Here and in other sequences, Ms. Hahn uses a technique of collecting fragments — a word, a phrase — from previously in the series and then reassembling them into a new fragment. The effect is of having read something we haven’t quite read before.

It’s hard to tell what Ms. Hahn’s opinion of materiality is. She calls it “strange” that we have bodies “so / undependable except at the last moment,” but what sort of cognitive, emotional, or moral error is it to depend on other, less perishable objects, to gather them as Dr. Jackson or the hoarding father does? Is it a societal problem, Late Capitalism flooding us with our own overconsumption? Or is it no problem at all, simply a behavior observable by the scientist?

“If only I believed in talismans,” Ms. Hahn writes. The line is from a series about Mary Anning, a 19th-century (female) paleontologist. In this series, the (male) fossil hunters of her day come off as dastardly, taking credit for her discoveries. To Anning, fossils were hardly talismans; they were her livelihood, convertible into hard, cold cash; she sold them to other scientists in order to scrape by. She suspected that they were also descriptions of a geological time and cast of creatures no longer alive. Her behavior, however, was clinically hardheaded, the opposite of hoarding.

Two hundred years later, we’re all acquainted with the “scientific” view of objects: that our possessions, while they describe us, don’t have magical powers. Yet brands like Nike know all too well how susceptible we are to believing one shoe is better than another because of its talismanic swoosh.

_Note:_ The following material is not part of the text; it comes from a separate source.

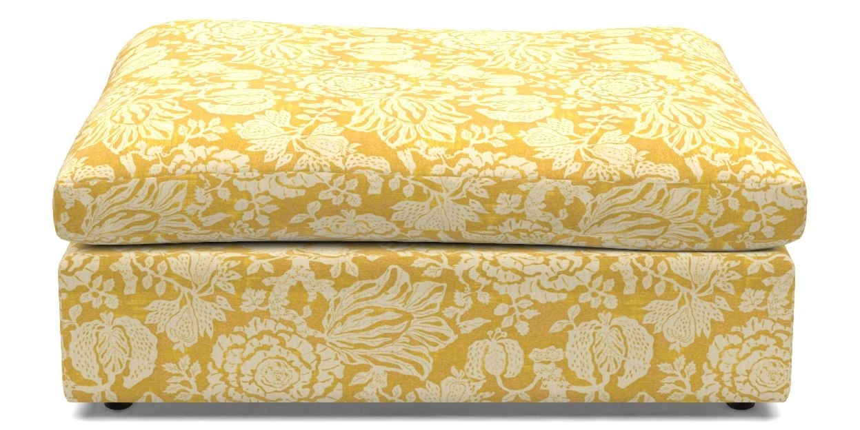 A large, cushioned box-shaped stool on dark-stained solid wood glide feet. Comfortable as a footrest and ideal for holding books, magazines, or a tray of tea and treats. View other products in this range.

Perhaps speaking for this tendency toward magical thinking, “Foreign Bodies” is peppered with five short poems titled “charms.” Each of these uses a creature as metaphor to dispense a vaguely threatening bit of advice about a common virtue. For example, “charms ii” takes on “sympathy” this way:

 

When you spy a horseshoe crab

Flipped over on the shore

Right it gently in the tide

And with your kin — a true rapport

 

Other virtues — mindfulness, trustfulness, empathy — get similarly epigrammatic treatments, all in this instructive-but-not voice. We could follow the directions in the first three lines, but what about that fourth? How do we adapt the scientifically prescribed course of action for a horseshoe crab in distress to the messy, emotional, subjective, personal stuff of kin?

“Pay attention to attention,” Ms. Hahn writes. That’s probably the best we can do.


Julie Sheehan, the author of “Bar Book: Poems and Otherwise,” is the director of the B.F.A. program in creative writing at Stony Brook University. She lives in East Quogue.

Kimiko Hahn teaches at Queens College and lives part time in Mattituck.